**What you are asked to do:**
Transcribe the whole listing exactly; the images stay out.

**Supplied information:**

***

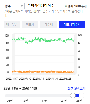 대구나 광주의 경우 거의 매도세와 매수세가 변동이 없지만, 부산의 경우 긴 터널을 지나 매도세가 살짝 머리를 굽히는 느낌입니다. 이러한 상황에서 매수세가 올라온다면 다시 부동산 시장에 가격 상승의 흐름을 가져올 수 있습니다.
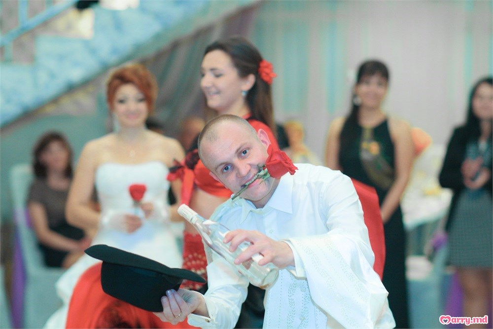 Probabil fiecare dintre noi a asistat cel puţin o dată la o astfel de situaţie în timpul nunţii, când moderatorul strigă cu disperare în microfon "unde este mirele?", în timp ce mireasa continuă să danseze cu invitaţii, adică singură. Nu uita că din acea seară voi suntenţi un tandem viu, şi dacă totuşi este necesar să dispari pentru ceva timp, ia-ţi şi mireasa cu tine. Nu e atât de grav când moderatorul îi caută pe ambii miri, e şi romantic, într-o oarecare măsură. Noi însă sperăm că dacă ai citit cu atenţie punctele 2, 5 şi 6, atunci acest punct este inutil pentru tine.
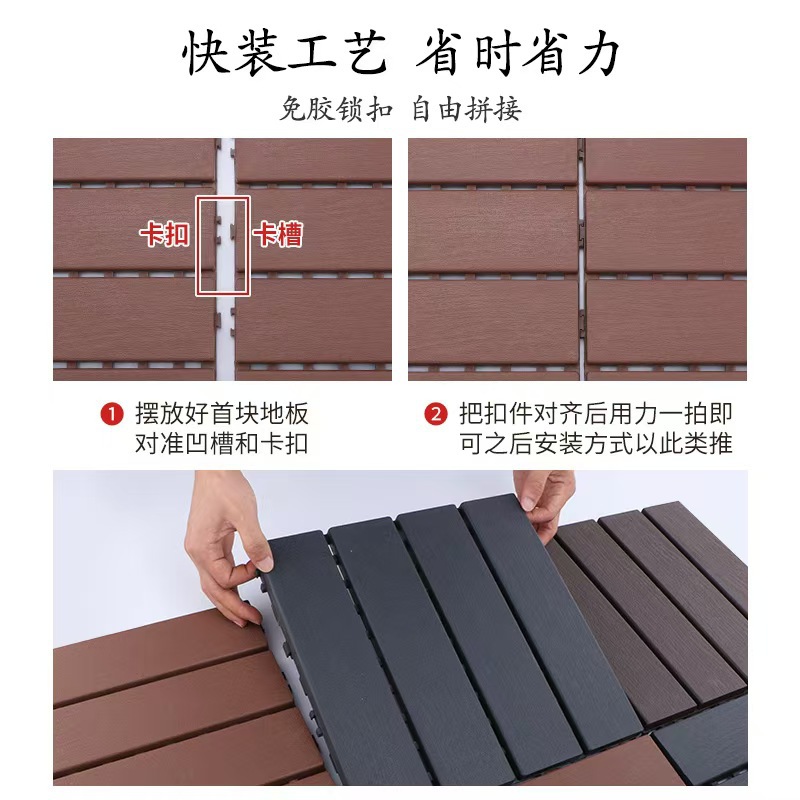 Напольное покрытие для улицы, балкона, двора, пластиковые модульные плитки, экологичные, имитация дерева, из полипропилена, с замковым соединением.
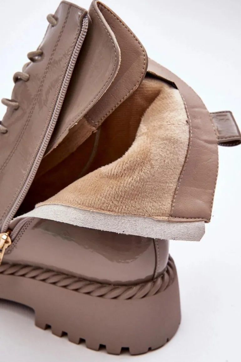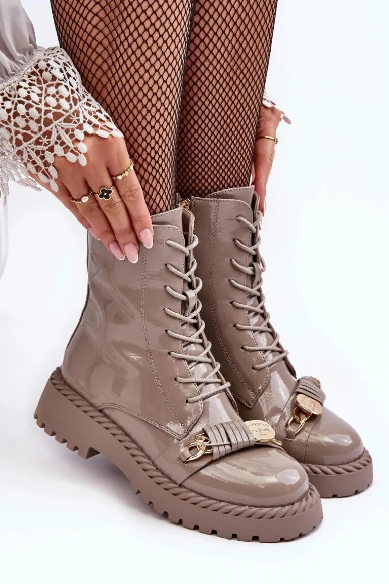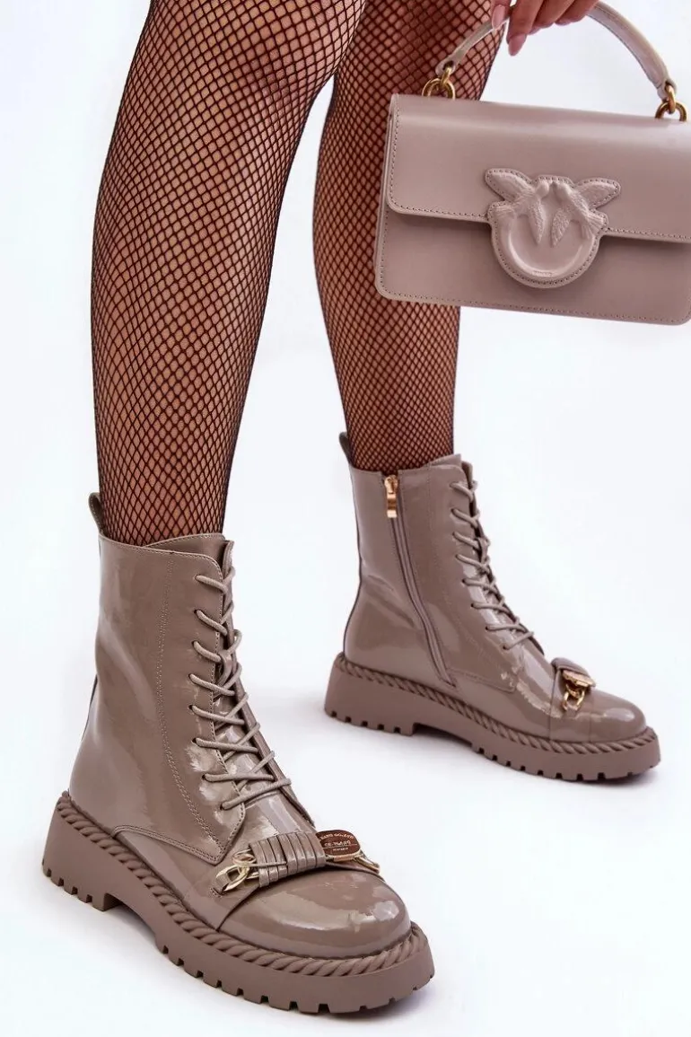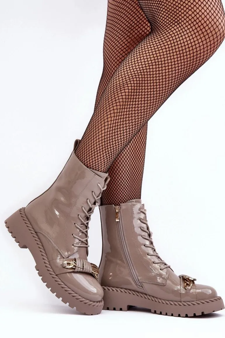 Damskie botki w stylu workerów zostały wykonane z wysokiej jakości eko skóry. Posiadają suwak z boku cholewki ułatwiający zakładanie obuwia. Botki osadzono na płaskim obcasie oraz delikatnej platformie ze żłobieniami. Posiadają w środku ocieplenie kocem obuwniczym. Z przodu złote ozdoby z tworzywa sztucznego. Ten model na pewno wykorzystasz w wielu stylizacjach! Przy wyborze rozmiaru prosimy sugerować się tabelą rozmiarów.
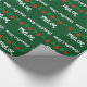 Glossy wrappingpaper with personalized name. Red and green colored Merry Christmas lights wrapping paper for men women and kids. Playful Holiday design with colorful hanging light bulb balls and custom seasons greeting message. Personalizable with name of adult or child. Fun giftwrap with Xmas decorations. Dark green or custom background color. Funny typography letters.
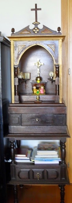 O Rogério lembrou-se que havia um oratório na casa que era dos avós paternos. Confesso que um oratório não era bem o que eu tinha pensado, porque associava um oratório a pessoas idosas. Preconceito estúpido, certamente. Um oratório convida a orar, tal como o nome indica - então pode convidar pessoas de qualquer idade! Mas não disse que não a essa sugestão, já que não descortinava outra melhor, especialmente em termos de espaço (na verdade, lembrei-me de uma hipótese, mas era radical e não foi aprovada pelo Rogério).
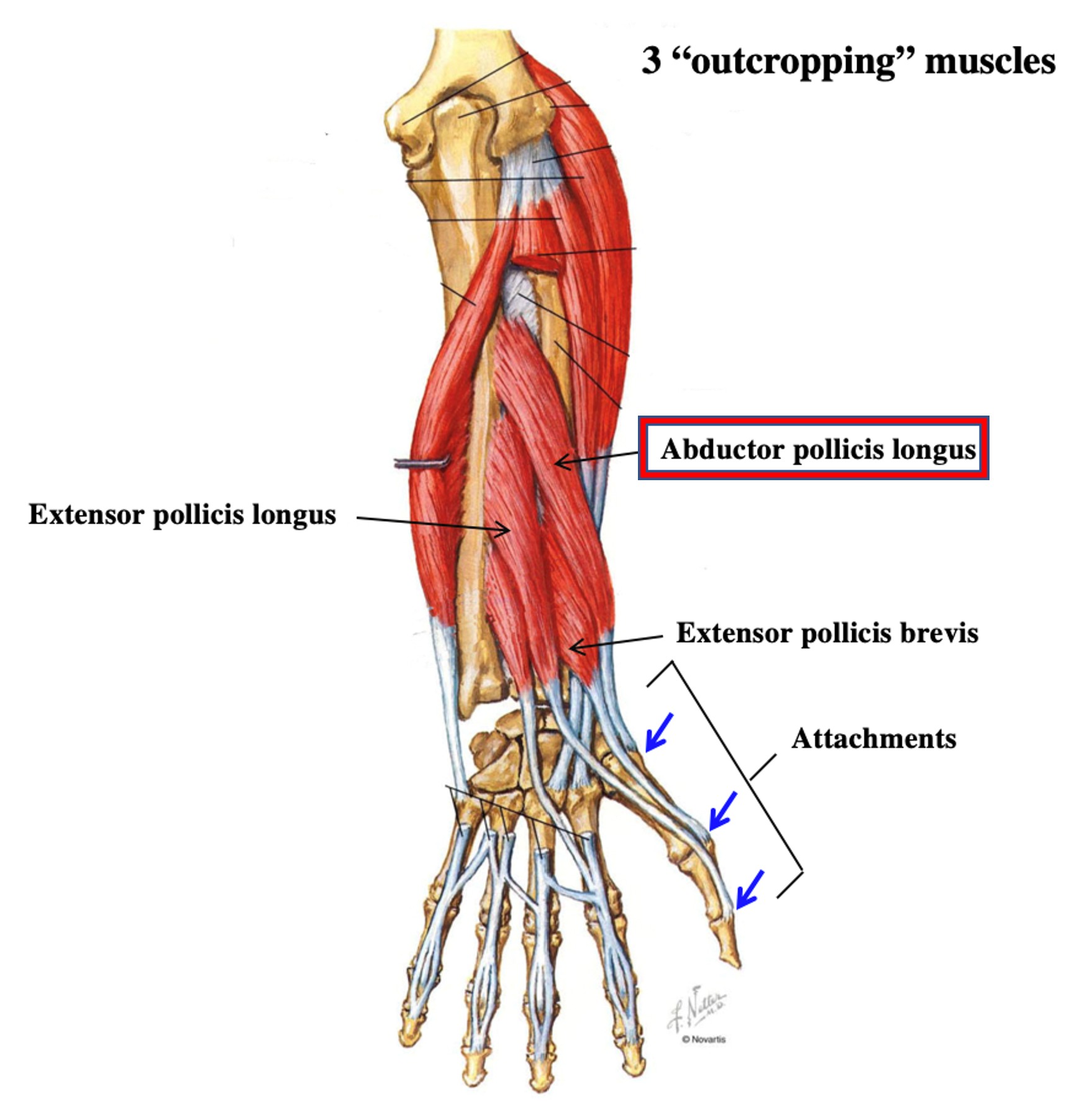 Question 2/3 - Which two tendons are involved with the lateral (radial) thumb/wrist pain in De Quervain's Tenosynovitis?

***

**Answer to this task:**
 대구나 광주의 경우 거의 매도세와 매수세가 변동이 없지만, 부산의 경우 긴 터널을 지나 매도세가 살짝 머리를 굽히는 느낌입니다. 이러한 상황에서 매수세가 올라온다면 다시 부동산 시장에 가격 상승의 흐름을 가져올 수 있습니다.
 Probabil fiecare dintre noi a asistat cel puţin o dată la o astfel de situaţie în timpul nunţii, când moderatorul strigă cu disperare în microfon "unde este mirele?", în timp ce mireasa continuă să danseze cu invitaţii, adică singură. Nu uita că din acea seară voi suntenţi un tandem viu, şi dacă totuşi este necesar să dispari pentru ceva timp, ia-ţi şi mireasa cu tine. Nu e atât de grav când moderatorul îi caută pe ambii miri, e şi romantic, într-o oarecare măsură. Noi însă sperăm că dacă ai citit cu atenţie punctele 2, 5 şi 6, atunci acest punct este inutil pentru tine.
 Напольное покрытие для улицы, балкона, двора, пластиковые модульные плитки, экологичные, имитация дерева, из полипропилена, с замковым соединением.
 Damskie botki w stylu workerów zostały wykonane z wysokiej jakości eko skóry. Posiadają suwak z boku cholewki ułatwiający zakładanie obuwia. Botki osadzono na płaskim obcasie oraz delikatnej platformie ze żłobieniami. Posiadają w środku ocieplenie kocem obuwniczym. Z przodu złote ozdoby z tworzywa sztucznego. Ten model na pewno wykorzystasz w wielu stylizacjach! Przy wyborze rozmiaru prosimy sugerować się tabelą rozmiarów.
 Glossy wrappingpaper with personalized name. Red and green colored Merry Christmas lights wrapping paper for men women and kids. Playful Holiday design with colorful hanging light bulb balls and custom seasons greeting message. Personalizable with name of adult or child. Fun giftwrap with Xmas decorations. Dark green or custom background color. Funny typography letters.
 O Rogério lembrou-se que havia um oratório na casa que era dos avós paternos. Confesso que um oratório não era bem o que eu tinha pensado, porque associava um oratório a pessoas idosas. Preconceito estúpido, certamente. Um oratório convida a orar, tal como o nome indica - então pode convidar pessoas de qualquer idade! Mas não disse que não a essa sugestão, já que não descortinava outra melhor, especialmente em termos de espaço (na verdade, lembrei-me de uma hipótese, mas era radical e não foi aprovada pelo Rogério).
 Question 2/3 - Which two tendons are involved with the lateral (radial) thumb/wrist pain in De Quervain's Tenosynovitis?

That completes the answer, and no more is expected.